Its future uncertain, La Comida scrambles to find new space downtown

La Comida clients sit down for lunch at Stevenson House in Palo Alto on April 19, 2023. Photo by Magali Gauthier.

Jan Holliday discovered La Comida more than two decades ago, when her daughter, son-in-law and two grandchildren moved into her Crescent Park home.

She didn't have full access to her kitchen at that time, and so she began to attend lunches that the nonprofit was providing at a Bryant Street building occupied by the nonprofit Avenidas. The program, she said, was a "lifesaver." She was able to obtain nutritious meals while meeting people in the community.

But after close to four decades in Avenidas, the dining program came to an acrimonious halt in 2017, when Avenidas began to rehabilitate the building and the newly reconfigured dining area was deemed by La Comida to be too small for its needs. In August of that year, La Comida left Avenidas.

The food fight between Palo Alto's two preeminent senior-serving nonprofits had by then turned bitter. La Comida users argued that Avenidas' proposed dining space, which would accommodate around 90 people rather than the pre-rehabilitation 120, amounted to an eviction for the dining program. The debate over space turned into a legal scuffle in 2016, when La Comida filed an appeal against Avenidas' rehabilitation plan. (The two sides ultimately reached a settlement that, among other conditions, committed Avenidas to help pay for a new location for La Comida.)

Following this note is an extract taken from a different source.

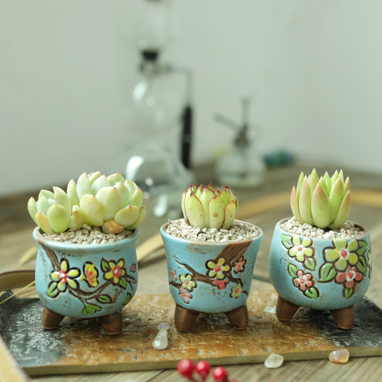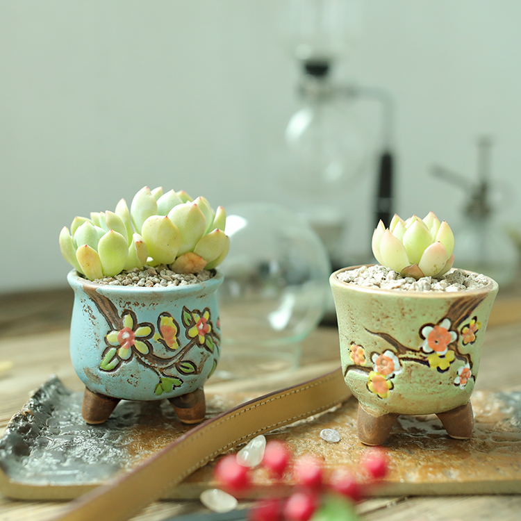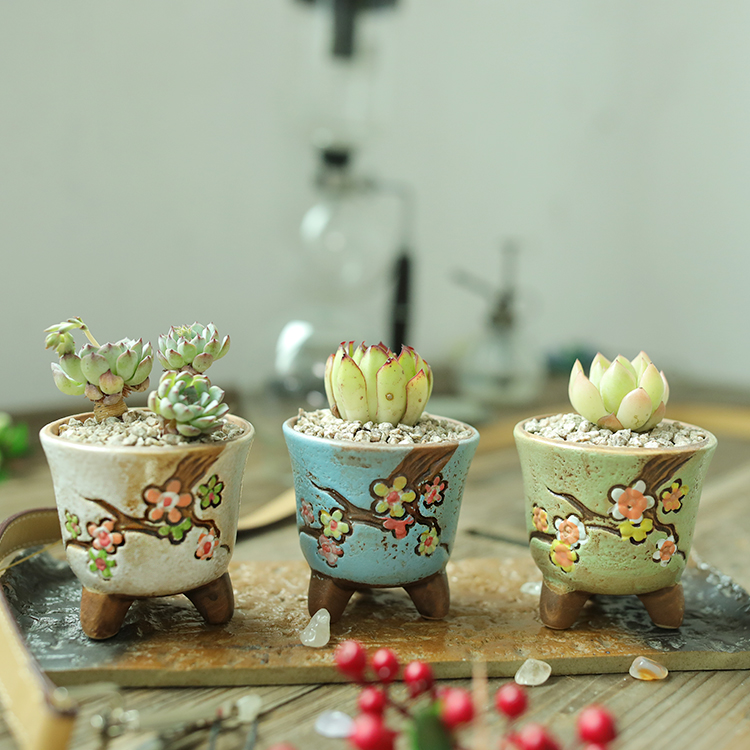 简约个性多肉植物花盆陶瓷透气手绘mini韩式粗陶拇指盆小号特价

These days, Holliday and many other residents in north Palo Alto are settling for the next best scenario: picking up takeout meals that are prepared, packaged and distributed to dozens of seniors on weekdays at the First United Methodist Church on Hamilton Avenue. In south Palo Alto, La Comida continues to run a congregate dining program at the Stevenson House apartment complex, where it prepares all of its meals and serves about 150 visitors at about 70 tables on a typical afternoon, according to Bill Blodgett, co-president of the La Comida board.

The downtown takeout program is also a hit. On a typical lunch hour, it attracts about 140 seniors, according to Blodgett. Most are low income; a few are homeless. Many are residents of Lytton Gardens or other downtown senior residential facilities. By 11:45 a.m. on a recent Monday, about two dozen individuals had lined up to get lunches just as the program opened for the day.

Jan Holiday, a longtime participant in La Comida's lunch program and a member of the nonprofit's board of directors, stands outside the take-out location at the First United Methodist Church on April 17, 2023. Photo by Gennady Sheyner.

Holliday arrived a bit after noon to pick up La Comida's daily offering: pollo asado, pinto beans, green pepper strips, zucchini and fresh fruit. She exchanged pleasantries with passersby. A woman cheerfully greeted her. "Nice to see you," she replied, smiling back. The community interactions are still there in the takeout program, she said, but they're fleeting.

"The social connections that I made while having lunch at Avenidas are invaluable in my life," Holliday, 81, said. "From the bottom of my heart, they are invaluable. Losing that has been a great loss in my feeling of well-being."

The downtown program is now in jeopardy. Starting in July, La Comida will be required to return to congregate dining to remain eligible for the various state and federal grants that pay for its operations. The pandemic-era exemption that allowed the nonprofit to switch to takeout is about to go away thanks to the recent expiration of California's state of emergency.